Güney Teiglin’in ormanlarında hala insanlara ait birkaç çiftlik evi bulunuyordu.Sağlam ve gözü açık,ama sadece birkaç taneydiler.Yine de fazla sevmemekle birlikte,onlara acıyorlardı.Sert kışta ellerinden geldiği kadar,yemekleri Gaurwaith’e veriyorlardı.Bu sayede açlık çeken toplulukların saldırılarından korunabiliyorlardı.Ama haydutlar onlara kuşlar veya hayvanlar kadar minnettarlık göstermiyor ve insanlar daha çok köpekleri ve çitleri sayesinde korunuyorlardı.Her çiftlik evinin kendi arazisinde büyük çitler vardı,aynı zamanda evler hendeklerle çevriliydi.Yer yer patikalar bulunuyordu.İnsanlar borularla yardım çağırabilmekteydi.

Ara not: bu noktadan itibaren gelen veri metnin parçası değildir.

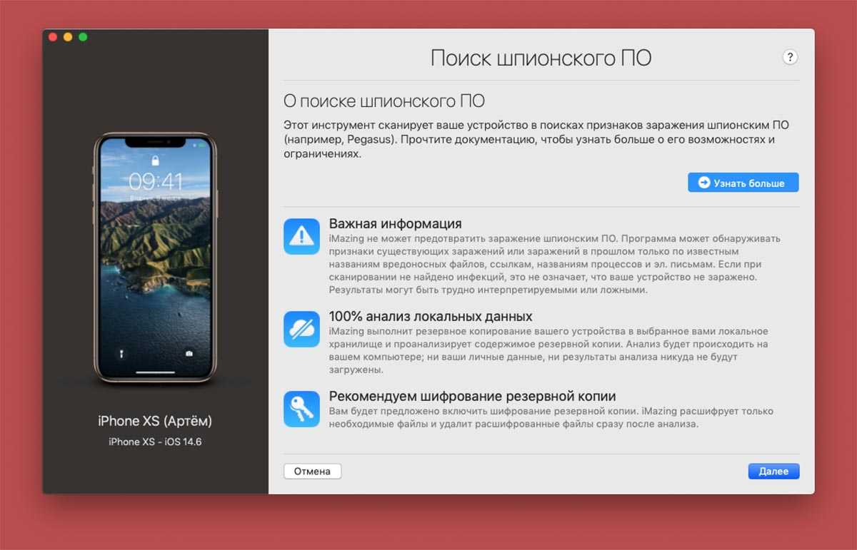К счастью, на помощь пришли разработчики давно известного стороннего файлового менеджера для iPhone – iMazing. В обновлении 2.14 они добавили возможность сканирования iPhone или iPad для обнаружения вируса Pegasus или другого ПО на его основе.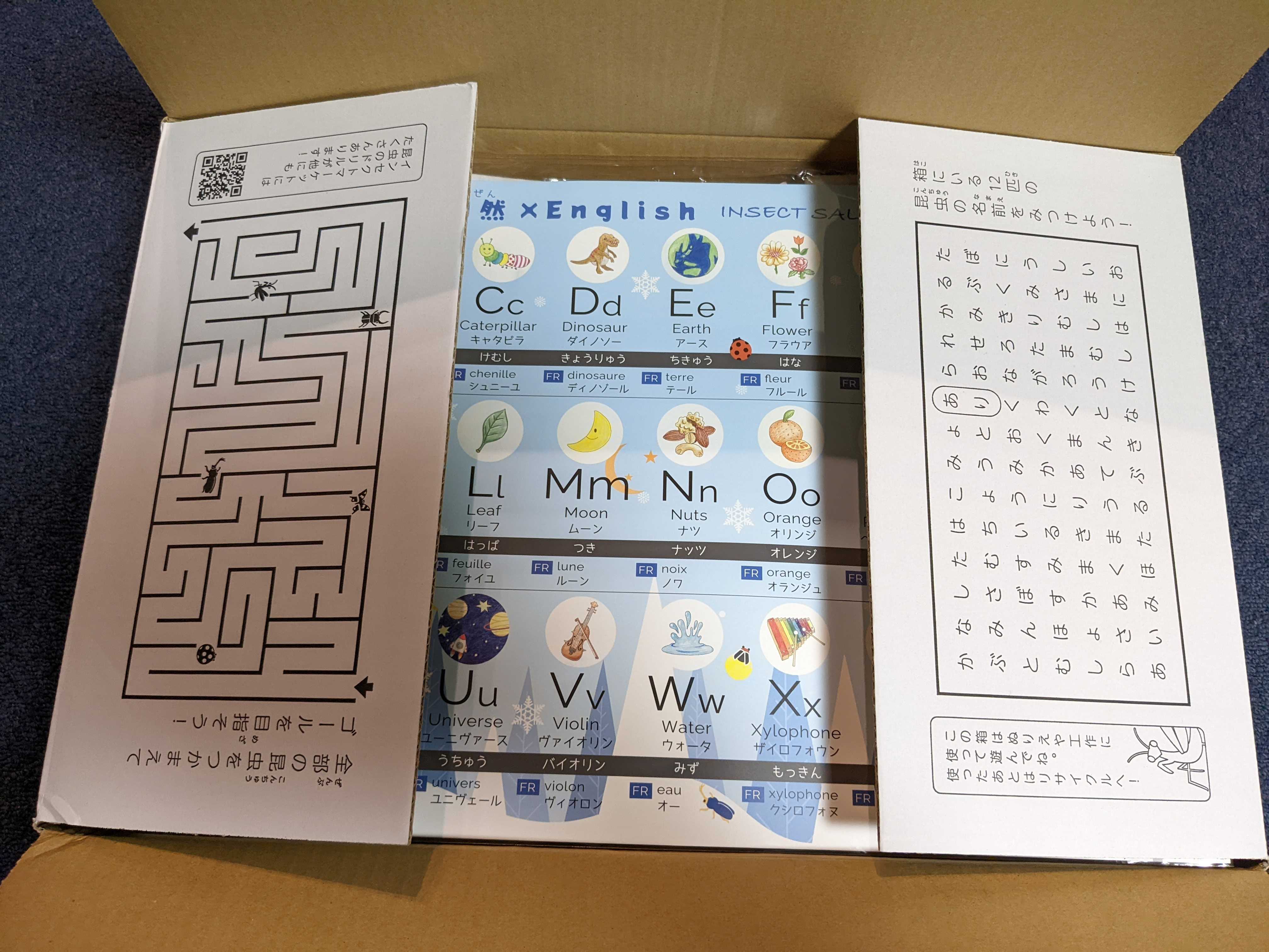 12月13日に注文したInsect Collectionの福袋、むし箱2022 こども(年賀状+ノベルティ付)Lサイズ(10000円送料込み)が届きましたLサイズは翌日に見たら売り切れていたから早めに買えて良かった段ボール箱も、迷路と単語探しゲームが書いてあって素敵年賀状とノベルティ付きノベルティはお風呂で学べるアルファベット。ひらがなとカタカナは覚えてきたからちょうどいいや。中身はこんな感じ。〇インセクトランドの仲間たちの原っぱ仲良しブランケット(3500円)〇ほたるのアダムリュック(5500円)〇ほたるのアダム防災頭巾(3500円)〇昆虫デザインモノグラムポーチ(3500円)〇カマキリくんセーター(3800円)〇KODOMO Nombre プリント100%再生ペットボトルTシャツ チョウ9 blanc(3500円)〇DisneyデザインTシャツ<Mickey&Grasshopper> オーガニックコットン使用(4000円)〇せみTシャツ オーガニックコットン使用(3300円)〇太陽に当たると昆虫大脱走Tシャツ ホワイト オーガニックコットン使用(3500円)〇回転式セーフティピン刺繍ブローチ(350円) ×2(クワガタとセミ)〇暗いところで光る!蓄光ホタルのピカピカ日本製マスク イエロー(640円)〇Nombre ナンバーチャーム カマキリ3(3300円)欲しかった、カマキリ君セーター、太陽光で光るカマキリTシャツ、セミTシャツが入っていて嬉しいみんな触り心地が上質で着心地が良さそううちの3歳児には大きすぎるリュックと、あまり使わないチャームやブローチがちょっといらなかったが概ね満足

Fakat ilkbahar geldiğinde Gaurwaith için,onu ve yanındakileri avlamaya çalışan insanların evlerinin etrafında dolaşmak çok riskli olmuştu.Turin,Forweg’in neden yolda rehberlik etmediğini merak etti,güneyin ötesinde,insanların kalmadığı bu yerde daha çok yemek ve av,bunun yanında daha az tehlike vardı.Sonra bir gün Turin,Forweg’in yokluğunu fark etti,Forweg ve Androg’un,nereye gittiklerini sorduğunda,diğerleri güldü.



“Uzaklarda kendi işleriyle uğraşıyorlardır herhalde.”dedi Ulrad.”Fazla uzamadan gelirler,sonra bizde yola çıkarız.Eğer arkalarından arıları getirmezlerse şanslıyız demektir.”





Güneş parlak,yapraklar yemyeşildi;ve Turin haydutların kirli kampından usanmıştı.Bu yüzden tek başına ormanın içlerine kadar gitti.Amacının tersine birden Gizli Krallık’ı hatırladı ve Doriath’ın çiçeklerinin neredeyse unutulmuş bir lisanın yankılarına benzeyen isimlerini duyar gibi oldu.Ama aniden çığlıklar işitti,fındık ağaçlarının arasından bir kadın fırladı,kıyafetleri dikenler yüzünden yırtılmıştı ve çok korkmuş görünüyordu.Tökezledi ve şaşkınlıkla yere düştü.Sonra Turin ortaya çıktı,kılıcını çekerek ağaçların arasına doğru koştu ve kılıcını sallayarak kovalamaktan yorulan bir adamı kesti.Sonunda darbeyi yaptığının Forweg olduğunu gördü.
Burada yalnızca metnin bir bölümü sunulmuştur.